Mary Kay Sigaty, a west Columbia Democrat, said she is "eagerly awaiting" the council's briefing on the committee's work.
"I want to be fair, not just to seniors, but to the entire county," she said, adding that she does not want a tax system "that discriminates against groups of citizens. What about renters," or disabled people on low incomes? she said.
Courtney Watson, an Ellicott City Democrat who had questioned the need to create the task force, said she has "got a lot of questions about those recommendations. I haven't made a decision yet. I want to look carefully at the results of the committee."
Greg Fox, a western county Republican, said he is against an asset test, but he said he has not had time to see the committee's recommendations. He is also working with Republican Del. Gail H. Bates, an accountant, on several state bills that could, if approved, affect the situation.

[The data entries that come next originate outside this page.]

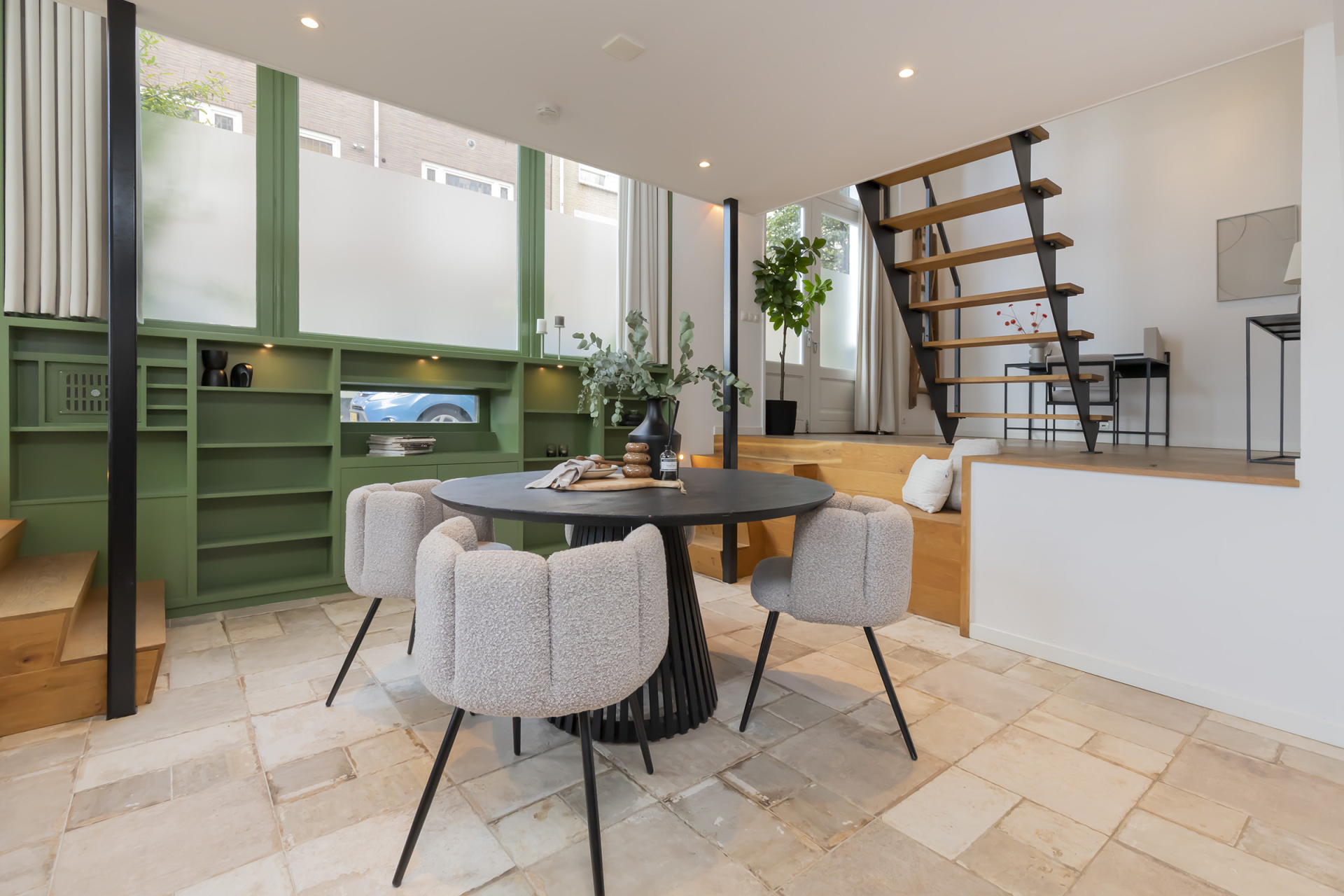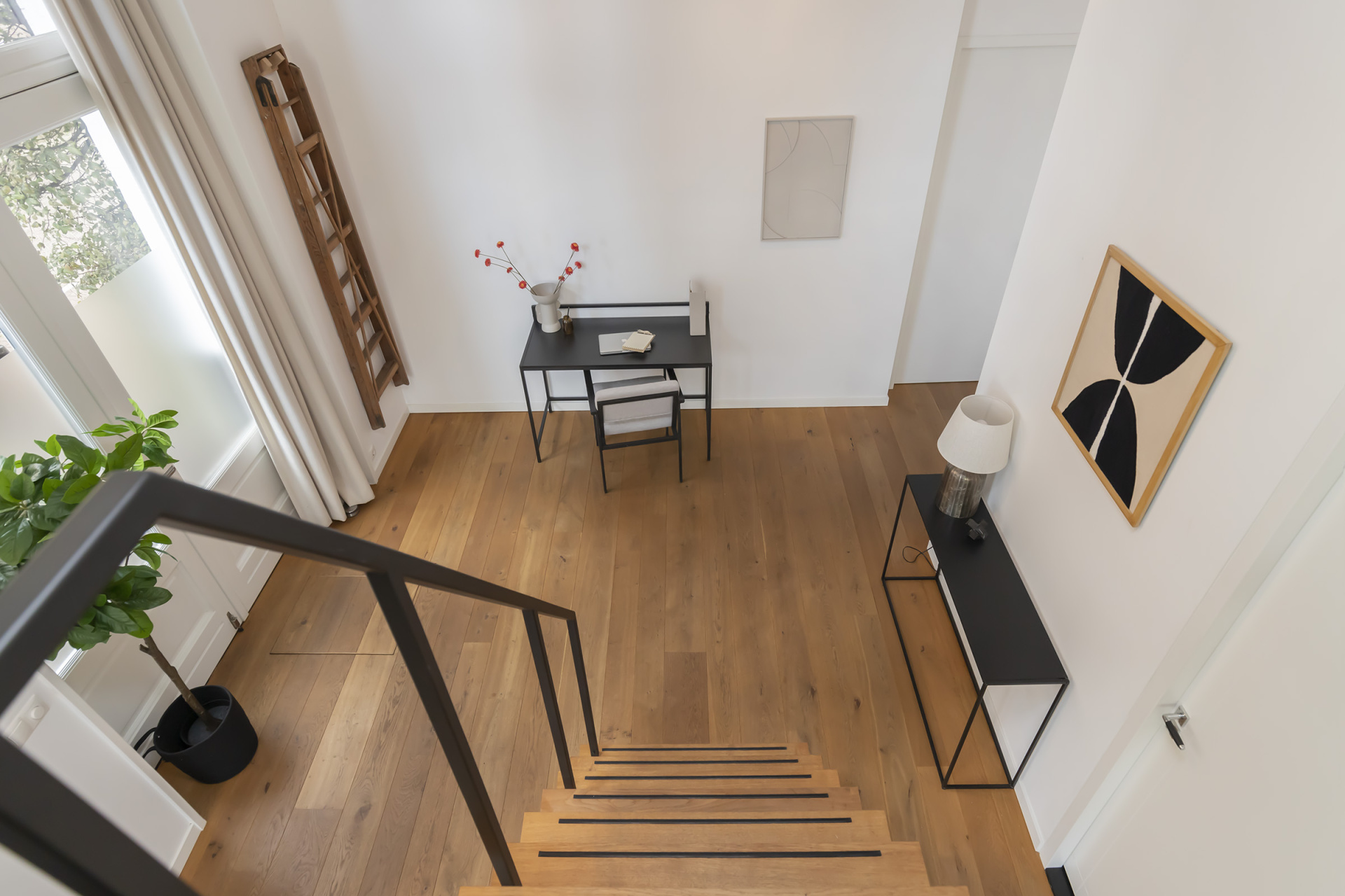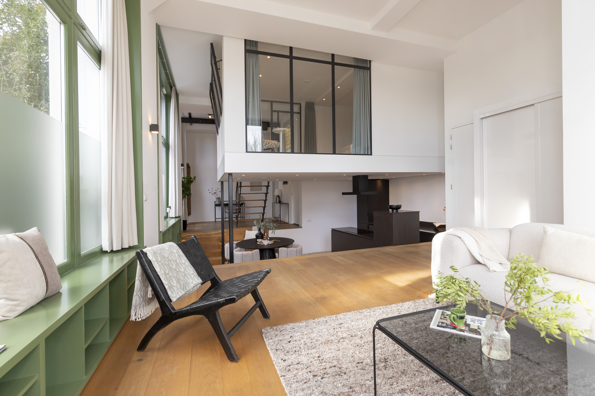 Een woning die zich onderscheidt door zijn speelse indeling, hoge plafonds en industriële details, gecombineerd met een warme en stijlvolle afwerking.
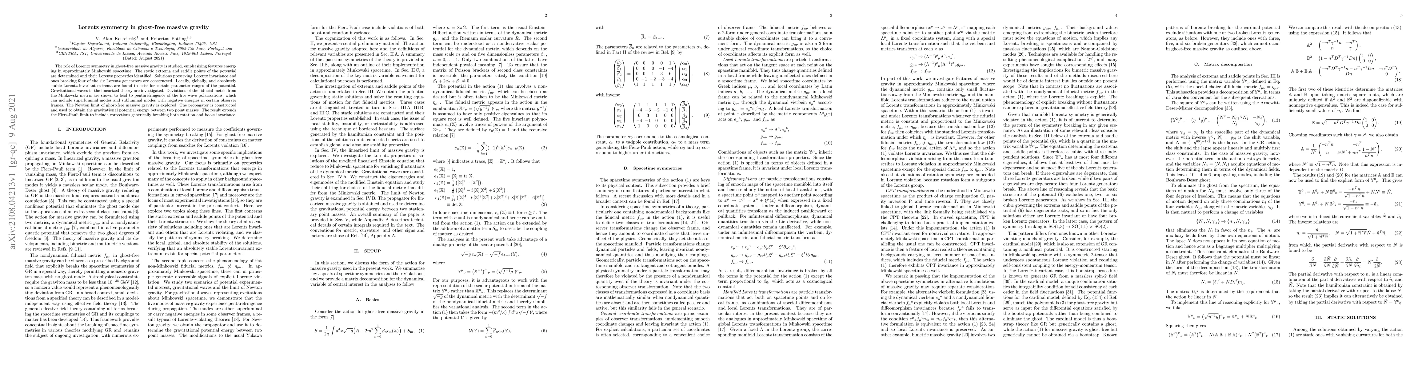 This paper investigates Lorentz symmetry in ghost-free massive gravity, identifying stable Lorentz-invariant solutions and exploring deviations from Minkowski spacetime that lead to pentarefringence in gravitational waves. It also extends the Fierz-Pauli limit to include corrections breaking both rotation and boost invariance.
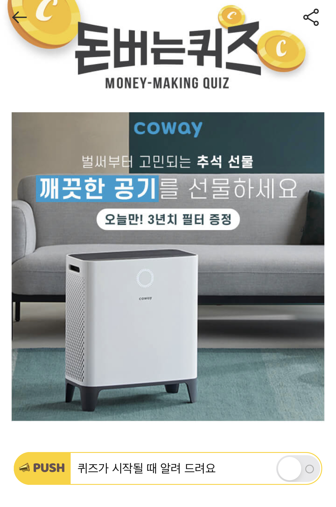 캐시워크 돈버는 퀴즈 정답 코웨이 공기청정기 ㄷㅇㅋㄹ
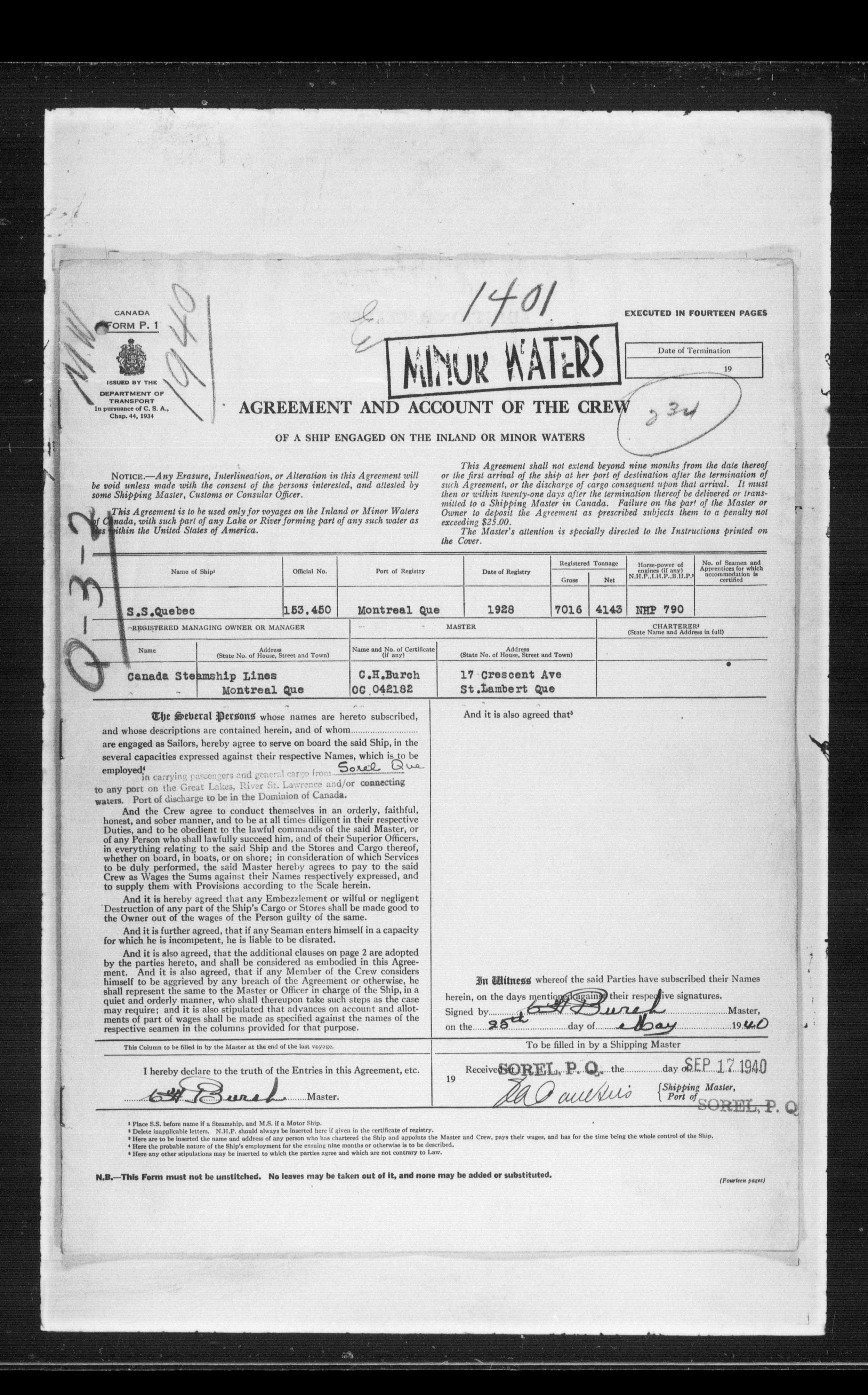 Canadian Marine Transportation Administration, Canadian Coast Guard, Ship Safety Branch, Central Registry of Seamen, Articles of Agreement and Ships' Logs - 11825
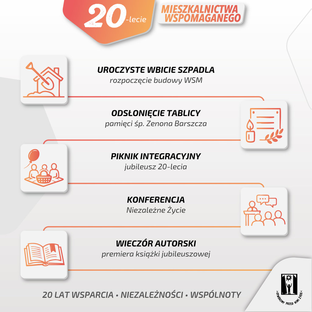 Jubileusz 20-lecia będzie wyjątkowy również dlatego, że właśnie w tym roku rozpocznie się budowa Wspomaganych Społeczności Mieszkaniowych — kolejnego kroku w stronę nowoczesnego, kompleksowego systemu wsparcia. Inwestycję zainauguruje symboliczne wbicie szpadla, które stanie się znakiem kontynuacji misji rozpoczętej dwie dekady temu.
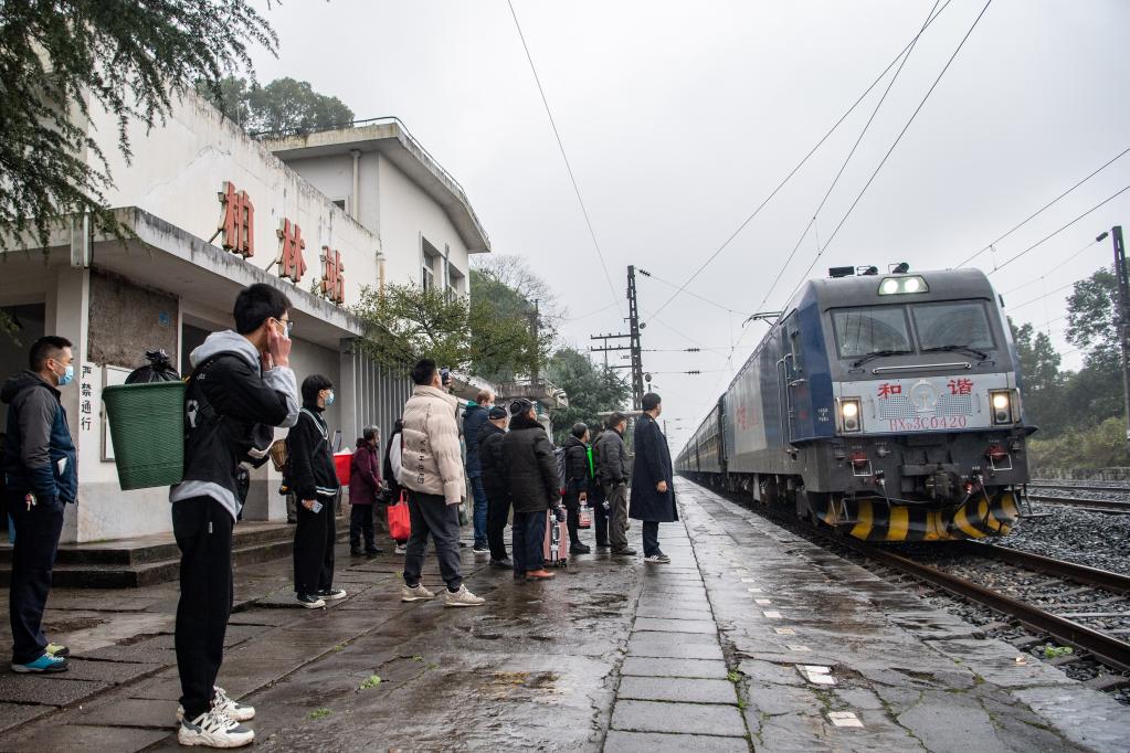 2022年2月4日,乘客在位于成渝铁路线上的柏林站等车。新华社记者 唐奕 摄
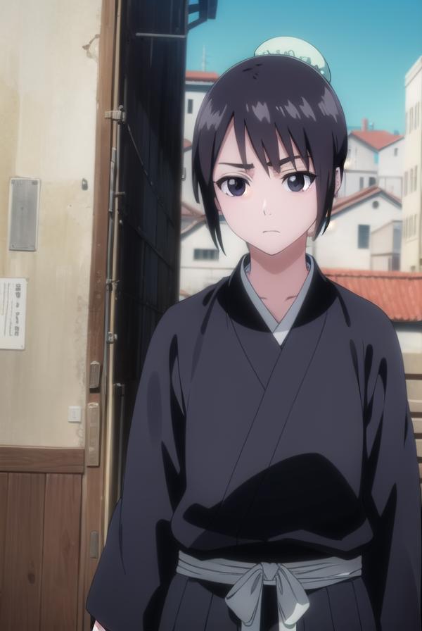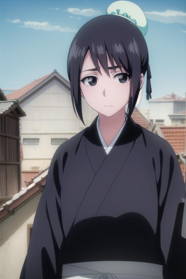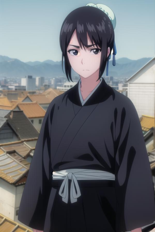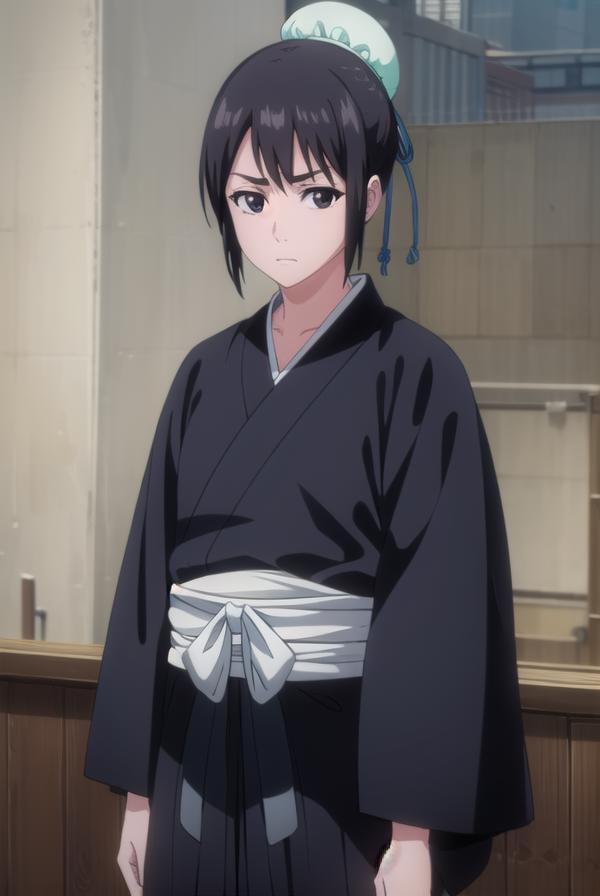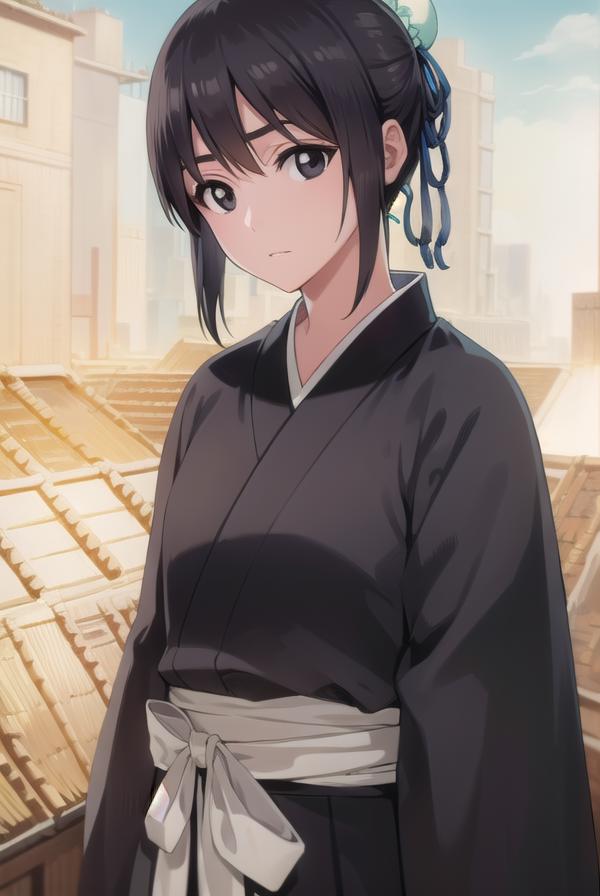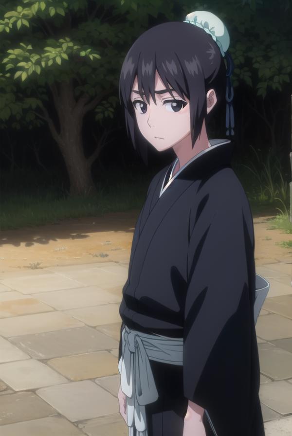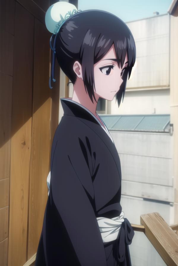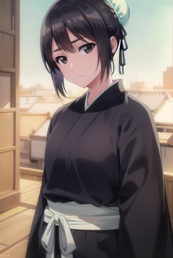 momo hinamori, black hair, hair bun, single hair bun, bun cover, short hair, (black eyes:1.5),
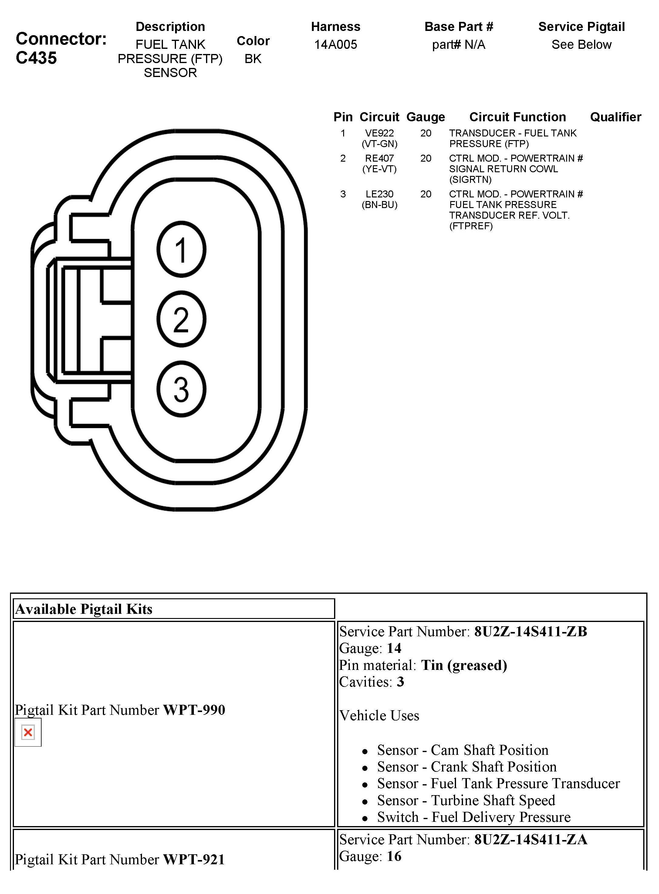 Fuel Tank Pressure Sensor: Diagrams

Bates had submitted a local bill this year that has failed at least twice before. The bill would require big property tax cuts for county seniors, but she has withheld it from a delegation vote, waiting to see what the County Council does.
This week, Bates said she submitted a new statewide bill that would allow counties that enact tax breaks for older homeowners to start the discounts at age 65 instead of 70.
A second measure would allow seniors who sell their houses and move within their home county to immediately bring to their new residences the assessment cap protections that limit homeowners' annual tax increases. Such homebuyers now lose that cap protection for one year.
Bates' bill would provide a temporary cushion for those who want to downsize, she said. Her bill would also protect people forced to move because of state actions such as highway construction projects.
"It really has a broader range than Howard County," Bates said.